We spent the early evening preparing and packaging meals for Moria, the main refugee camp on the island. Moria seems to be perpetually cold, understaffed, and undersupplied, so the Pikpa volunteers spend a lot of time there and bring clothes and food up when we can. Packing meals for them is a nightly ritual that signals the end of the work day at Pikpa.

Myself, two tentmates, and Dutch volunteer R went into town and spent the rest of the evening at a Syrian restaurant. It was R's last night and we wanted something better than refugee camp soup for our final meal together. Being waited on in a warm restaurant after two weeks in a tent seemed to be a delicious dose of civilization for all of us, though we were sad to see R go.



Dec. 22

I'm apparently running the daily meetings now. I really don't know what I'm doing, but no one else does either so it generally works out. I only took control of the meetings after the previous organizer left and I didn't have enough patience to wait for the meeting to start at the"Greek time" version of our schedule. Be careful what you wish for.

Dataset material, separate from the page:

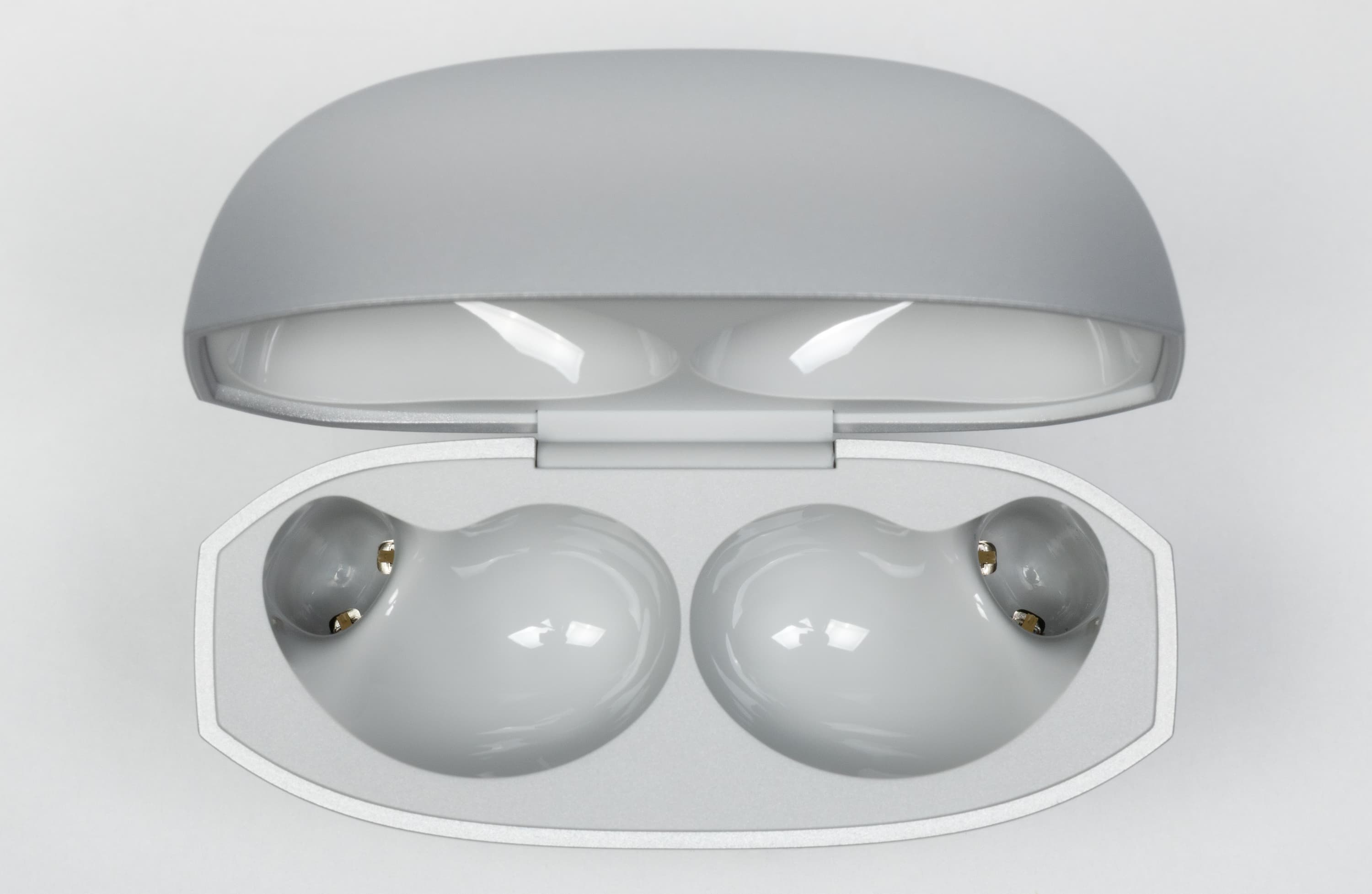 Внутри слотов для наушников видны подпружиненные контакты для зарядки. Сами посадочные места выполнены из глянцевого пластика — выглядит эффектно, но такой материал моментально собирает загрязнения, так что лишний раз его лучше не трогать.

We finished the shelves for the MSF tent today, then I spent the rest of the afternoon playing with the kids of Pikpa. Pikpa is a camp for vulnerable families or people with health conditions, meaning there are lots of children running around with parents who can't possibly keep up. Playing with the kids can be anything from playing learning games with them to keeping them from eating construction materials.

The night brought a joint birthday party for Jesus and Prophet Muhammad, whose birthday fell on Christmas eve this in 2015. The community kitchen was full of balloons and Greek pastries, and parents played with children as a travelling musical duo played kitschy Christmas songs and 50's doowop classics.

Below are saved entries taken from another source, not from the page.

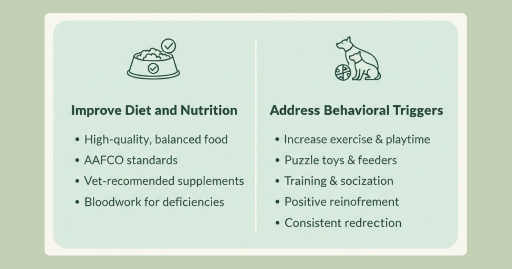 The solution depends on the cause. If nutritional deficiencies are the issue, switch to high-quality dog food and add vet-approved supplements. For behavioral dirt-eating, provide mental stimulation through puzzle toys, increase exercise, and use positive reinforcement training. Always consult your veterinarian before adding supplements or making major dietary changes.
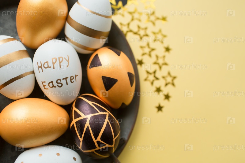 Золотые, черные, белые пасхальные яйца и конфетти в форме звездочек на желто-черном фоне. Геометрия. Минимальная концепция. Вид сверху. Карточка с местом для копирования текста
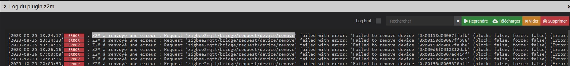 J’ai une version 4.3.19 de jeedom, je n’arrive pas à supprimer les appareils par l’intermédiaire de « Noeud » dans Jeezigbee; après des recherches sur le forum, il semblerait qu’il faille passer par Zigbee2MQTT sur le port 8080 pour les supprimer, lorsque j’ouvre ce dernier, la page est vierge et donc impossibilité de supprimer quoique ce soit, que faire ?
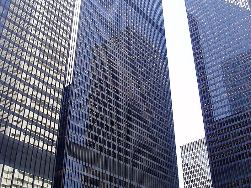 The Financial District is the central business district of Downtown Toronto, Ontario, Canada. It was originally planned as New Town in 1796 as an extension of the Town of York. It is the main financial district in Toronto and is considered the heart of Canada's finance industry. It is bounded roughly by Queen Street West to the north, Yonge Street to the east, Front Street to the south, and University Avenue to the west, though many office towers in the downtown core have been and are being constructed outside this area, which will extend the general boundaries. Examples of this trend are the Telus Harbour, RBC Centre, and CIBC Square.
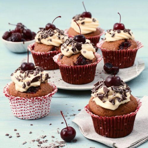 Muffins auskühlen lassen. Sahne mit Sahnesteif steif schlagen und auf die Muffins spritzen.
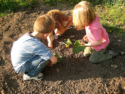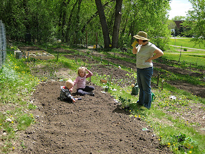 We have a nice little plot in the community pea patch. We planted a great variety of seeds and a few starts, and a week later we are seeing our garden sprout. In addition to providing us with something fun to do (watering the garden and playing with dirt and sticks and worms), the pea patch is a sort of community gathering place - there's usually a few other people tending their gardens when we're there. So the children always want to come when we go to the garden.

When Palestinian organization Humanity Crew (website here) arrived, the party took on a completely new look. Arabic pop music began blaring from the speakers in the back, tables were moved from the center of the room, and the calm night of eating cookies with family turned into a raucous dance party. Parents, children, and volunteers danced together, flagrantly and shamelessly, using moves that no sober people dared use before.


Humanity Crew are are a traveling party. The volunteers who are seen pulling refugees from the boats get the lion's share of the attention*, but Humanity Crew is by far my favorite group on the island. They come to the island primarily as doctors and psychologists, but double as teachers, interpreters, babysitters, and cooks most nights. Pikpa always comes to life as soon as they arrive.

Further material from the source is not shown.